Hacker News new | ask | show | jobs
by oranlooney 2900 days ago
That's great and all, but nobody needs a 32-bit anything in 2018. This undergraduate paper provides a magic number and associated error bound for 64-bit doubles:

https://cs.uwaterloo.ca/~m32rober/rsqrt.pdf

13 comments

That's not really accurate. Even in cases were 32 bit and 64 bit operations are equally fast on the CPU, 32 bit values still take up half the memory. For many workloads, the limiting factor is cache space. So, if you can use 32 but values, you can get much better performance for those workloads.
And if you’re doing heavy floating point work, you can fit twice as many operations in with a 32-bit float vector as an equally sized double vector, and The vectorized operations happen roughly as fast for both forms, yielding an approximate doubling of speed.
for rank-2 tensor work you can do 4x as many operations, for rank-3 tensor work, it's 8x, assuming memory bandwidth is the bottleneck.
Does that mean it’s 64x as fast for 16-bit floating point vs 64-bit for a rank 3 tensor?
assuming 1) memory bandwidth is the bottleneck and 2) you can keep the tensor values in cache or registers.

I think that GPUs are still vector processing engines, so they should scale with 4x... But assuming google architected the TPU correctly, it should be 16x as fast (I think the architecture is actually that of a rank-2 tensor).

This "nobody needs a 32-bit anything in 2018" seems like a weird opposite of "640K should be enough for anyone".

https://www.wired.com/1997/01/did-gates-really-say-640k-is-e...

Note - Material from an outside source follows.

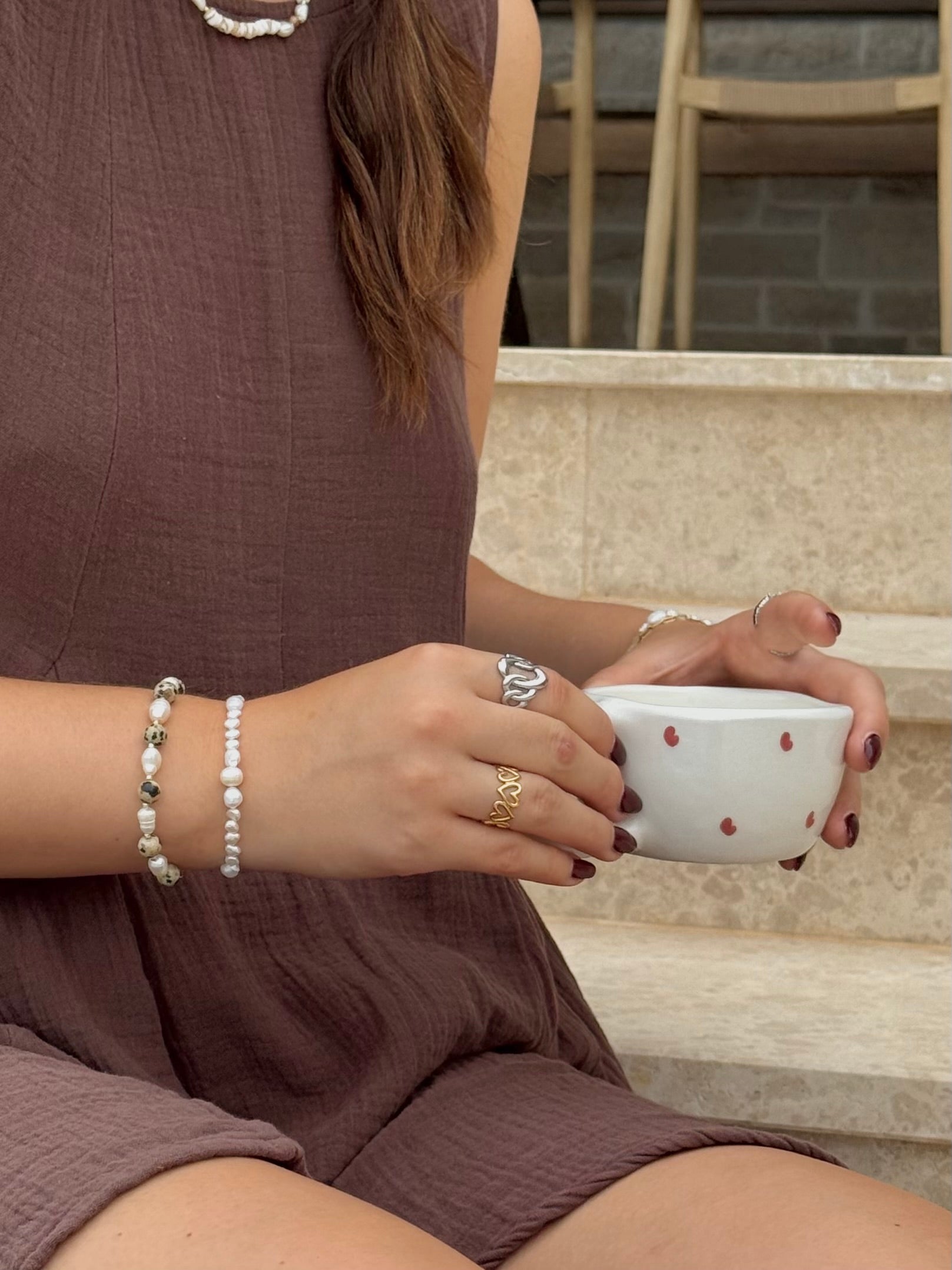 Die perfekte Kombination aus Süßwasserperlen und Natursteinperlen. Mit der Trendfarbe braun machst du diesen Sommer nichts falsch und kannst es perfekt mit jedem Outfit kombinieren.

Lots of ML and AI applications are using ever-smaller precisions. Half and even quarter-precision floats are able to maximize efficiency of the various CPU/GPU ALUs.
I was going to mention that... Just because we have ridiculous transistor budgets don't mean there aren't problems where you need/want to push the envelope for performance instead of precision. If anything, it grows the applicable problem space.
> That's great and all, but nobody needs a 32-bit anything in 2018.

Then why x86-64 integer instructions default to 32-bit register size when REX prefix byte is not present?

You can double x86 FP throughput using 32-bit floats versus 64 bit ones.

For GPUs, the performance 32-bit float performance advantage can be more than 4-10x (sometimes a lot more).

TIL, no one in the gaming industry uses 32 bit floats any longer. /s
Funny, in 2018 a lot of people are asking for 16-bit floats.

https://en.wikipedia.org/wiki/Half-precision_floating-point_...

This is not true. In games 32-bit floats are extremely common.
Nobody needs absolutes in 2018.
Even scientific calculation would be fine with 32 bit floats, but average floating point error due to representation creeps with ON (iirc) over N multiplications, so you have to use 64 bit for many scientific applications to get satisfactory results after a million or a trillion multiplications.
Not really - https://en.wikipedia.org/wiki/Numerical_stability

If your algorithm is not stable then even 64-bit won't help you.

Compare Euler vs Verlet - https://en.wikipedia.org/wiki/Verlet_integration

You're making a different argument.
Which problem that has stable algorithm would require 64-bit then?
What they typically do in 3d gaming is update the matrix that holds the transformation by a left multiplication, every time the camera changes. So

Tn = U_{n-1} * U_{n-2} * .... * U_0 * T_0

After a while,your matrix accumulates errors, but it's easy to just start and take a fresh one.

> Even scientific calculation would be fine with 32 bit floats

It really depends on the algorithms in question and the error tolerances.

deep learning uses low precision floats

sometimes as few as 8 bits are needed

I think gen 1 or gen 2 of the TPU explicitly supported short ints.
Realtime 3D still uses floats, but only when we can afford something so big, s10e5 is better where available.
I think this article is from 2010.
I wanted to put over a billion floats in a numpy array just a few months ago. Making them 16-bit saved a lot of memory.

It doesn't matter how much resource limits increase, people are going to keep hitting them. And when they hit them, using a smaller data type will always help.

That's not relevant there are plenty of single precision float applications today (and many fixed point applications as well). It all depends on your workload.
> nobody needs a 32-bit anything in 2018

Tell us more about this strange "2018" place!